Комната взорвалась таким смехом, что ожидающие в коридоре наверняка подозрительно покосились на дверь.
– И что потом? – Юлик бережно поставил стакан перед парнем: – Спасибо за воду! – смеяться он временил, пока не примут документы и не допустят к экзамену, а только улыбался. Валентин махнул рукой, торопясь досказать.
– На здоровье. Ничего. Генка-Хохол выручил, свои плавки дал. Сначала проржались все, конечно, а потом Генка выручил. Здесь ведь солидарность. Тем более, когда ты в группе один-один! Привыкай. А я – Валентин, председатель комитета комсомола института. Тоже в «единичке». И девушки – наши. Улавливаешь? − Юлик кивнул: особый статус группы один-один «работал» на протяжении всех лет обучения. Как и он, чемпион Харьковской области, эти трое, скорее всего, тоже имели какие-то основания для зачисления в элитную группу. − Ты комсомолец? – уточнил Валентин. Юлик придал лицу выражение «само собой». – Это хорошо, − улыбнулся комсорг. − Взносы – ко мне. Ходатайство на повторную пересдачу экзаменов – ко мне. И вообще, если что – ко мне беги. Понял?
– Понял, – конькобежец зачем-то козырнул.
– Ладно, давай посмотрим твой паспорт, а то до вечера не разгребём. – Валентин открыл документ и, глядя в него, медленно спросил: – Много там ещё народу?
– Из «единички» ещё трое. А вообще человек тридцать будет, – ответил коротышка-конькобежец, пристально наблюдая за лицом комсомольского лидера. Голова изучающего паспорт закачалась:
– Ну вот, так и знал: до вечера маслаться. Когда они собираются спецуху сдавать?
– Ночью, – уверила Рита.
– Ночью… Ночью нельзя, – пояснил комсорг, озабоченно наморщив лоб. – Так.
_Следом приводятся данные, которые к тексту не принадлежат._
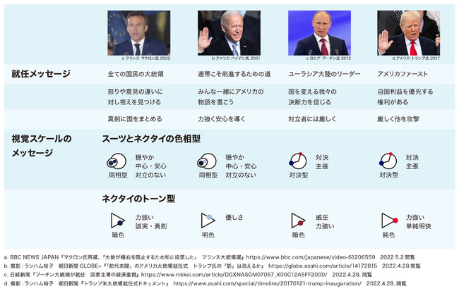 一方、プーチン氏とトランプ氏2人のネクタイ色は赤色でスーツの青色と対決型であり、スーツの暗色トーンとネクタイの色との対比が相手を厳しく威圧する感情を表しています。

Давай записывай: Штейнберг Юлиан Соломонович, украинец, – фамилию, имя и отчество, которые вполне могли бы послужить поводом для зачисления Юлика в «единичку», комсорг выделил интонацией: государственный административный антисемитизм, нередко граничащий с шовинизмом, Костин и не понимал, и не приветствовал. Ему, русскому парню, росшему в стране, где каждый второй имел происхождение от представителей как минимум двух народностей, любые разделения по расовым или национальным признакам казались отвратительными. Но указ о «постановке евреев на особый учёт» очень даже циркулировал, а места именно им во многих вузах выделялись самым чудесным образом и даже без особых для этого заслуг. Это в зарубежную поездку их не брали, а учиться или работать – пожалуйста! И про национальность, указанную в графе, ему тоже было всё понятно. Костин медленно поднял глаза и воткнулся в абитуриента взглядом, упёртым, но нейтральным. Как у судьи. Похоже, Штейнберг про свои «национальные особенности» знал не понаслышке, ибо глаз не отвёл.
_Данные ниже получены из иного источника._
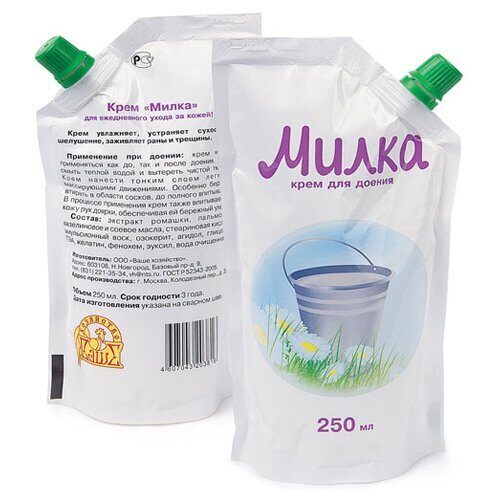 «Милка» — крем для доения и ухода за выменем коров. Он увлажняет, устраняет сухость и шелушение, заживляет раны и трещины.

– Украинец, – довольно произнесла Рита, записывающая данные, – серия паспорта, номер, когда и кем выдан?
Костин отцепился взглядом от абитуриента и медленно продиктовал требуемые данные.
– Кафедра зимних видов спорта, − посмотрел он на Юлика, подмигнув.
– … спорта, украинец, – эхом повторила Катя, вписывая данные в другую ведомость и стараясь не отставать от подруги. От усердия Глушко даже прикусила кончик языка. Ничего странного в сказанном студентки не узрели. Великая идея равенства, пропагандируемая коммунистами седьмой десяток, для всех и каждого в СССР являлась единственно приемлемой. Закрыв паспорт, Валентин зажал нос, предупреждая чих, и вернул документ хозяину.
– Всё, иди на экзамен, украинец, – он указал на дверь. Догадавшись, что лишние вопросы в этот момент неуместны, абитуриент взял паспорт и пошёл к выходу. – Слышь, как тебя там? Соломонович… – остановил его комсорг окриком, когда дверь уже была открыта. Юлик сжался, ожидая какого-то подвоха, но напрасно: Костин в этот миг думал только о себе. – Скажи там, пусть все сразу заходят, – он повернулся к удивлённым «подчинённым», – а то и вправду экзамены сдавать придётся ночью. Горбуша нас потом за проволочку в пыль сотрёт.
«Горбушей» звали декана Горобову, женщину не просто строгую, а, по мнению студентов, порой даже деспотичную.
– А как же с документами? Оформлять ведь всё равно придётся, – Катя приподняла сразу несколько папок.
– Успеем. Завтра донесут. Или после обеда. Никуда не денутся. Давай, зови всех, – Валёк уверенно махнул рукой. Штейнберг кивнул и поскорее вышел. В открытую дверь до всех ожидающих в коридоре донесся уверенный голос комсорга: «Выпишем допуски и пусть идут… на стадион. Или куда там им нужно? Экзамены начинаются через пятнадцать минут. Зачем народ попусту мариновать? Понимать надо!».
Глава 7
На институтском стадионе кучками стояли преподаватели, окружённые абитуриентами. Экзамены по лёгкой атлетике сдавала группа один-один. В неё, кроме спортсменов-разрядников и медалистов в учёбе, зачисляли также представителей национальных меньшинств из автономий или округов. Сюда же определяли ребят, практикующих немассовые виды спорта – например, шахматы, стрельбу из лука, бадминтон и другие. Здесь же приглядывали за всякого рода «блатными».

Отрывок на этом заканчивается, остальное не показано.